2 anos após ocupação, Alemão vira cenário de novela e de turismo

Conjunto de 15 favelas passa por processo de urbanização; só do PAC são R$ 911 milhões em obras e serviços básicos

HELOISA ARUTH STURM / RIO, O Estado de S.Paulo

02 de dezembro de 2012 | 02h02

Pedro (nome fictício), de 12 anos, lembra bem do dia 26 de novembro de 2010, quando 1,5 mil agentes de segurança avançaram em direção ao morro onde mora para iniciar a ocupação do Complexo do Alemão. "Fiquei apavorado", conta. Um dia antes, militares do Exército, da Marinha e policiais civis, militares e federais já haviam retomado o território da Vila Cruzeiro, favela vizinha.

Pedro estava preocupado com o primo, traficante que fugiu da favela durante a operação policial. "Minha mãe falava para ele sair dessa vida, mas não adiantava. A gente se reunia em casa e ficava orando", diz o adolescente. Desde então, muita coisa mudou nesse conjunto de 15 favelas da zona norte do Rio.

Atualmente, a área passa por um intenso processo de urbanização. Os governos federal, estadual e municipal estão investindo R$ 911 milhões do Programa de Aceleração do Crescimento (PAC) em obras e serviços básicos de saneamento, saúde e educação para a população de 60 mil moradores. O lugar, que já foi quartel-general do Comando Vermelho e um dos pontos mais violentos da cidade, agora serve de cenário para a novela Salve Jorge, da Rede Globo, e atrai turistas.

Pedro acompanhou a reportagem pelas vielas do ponto mais alto do Morro do Alemão. Ele contou como era a área do Campinho antes das obras. "Aqui era cheio de lama e tudo escuro." O local foi pavimentado e iluminado. Recebeu um dos 2 mil novos postes e agora se integra aos 30 km de ruas abertas desde que começaram as obras de infraestrutura.

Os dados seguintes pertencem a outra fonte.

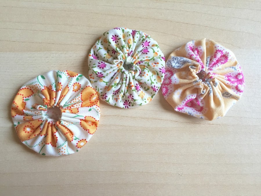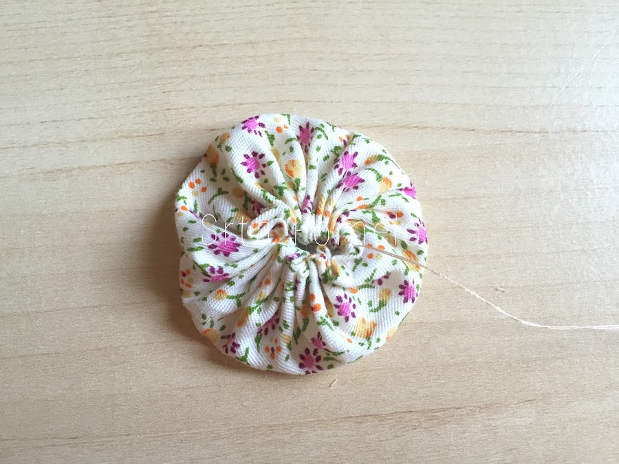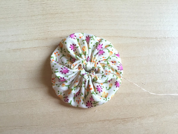 Acomodamos la tela dándole forma redonda y hacemos un par de puntadas para rematar el hilo. Cortamos el hilo y listo, ya tenemos nuestra flor yoyó acabada.

Turismo. O carioca Luis Sérgio da Silva levou um grupo de Ribeirão Preto para passear ali. "Quem vem de São Paulo faz o turismo clichê. Mas o Rio não é só praia", afirma Silva. O bondinho que liga as partes alta e baixa custa R$ 1. Outro grupo de turistas também aprovou o passeio. "É uma opção de ver com segurança quase que uma parte inteira do Rio e o melhor é que não custa quase nada", diz o francês Christophe Maciejewski, que levou a mulher, brasileira, o pai e a irmã.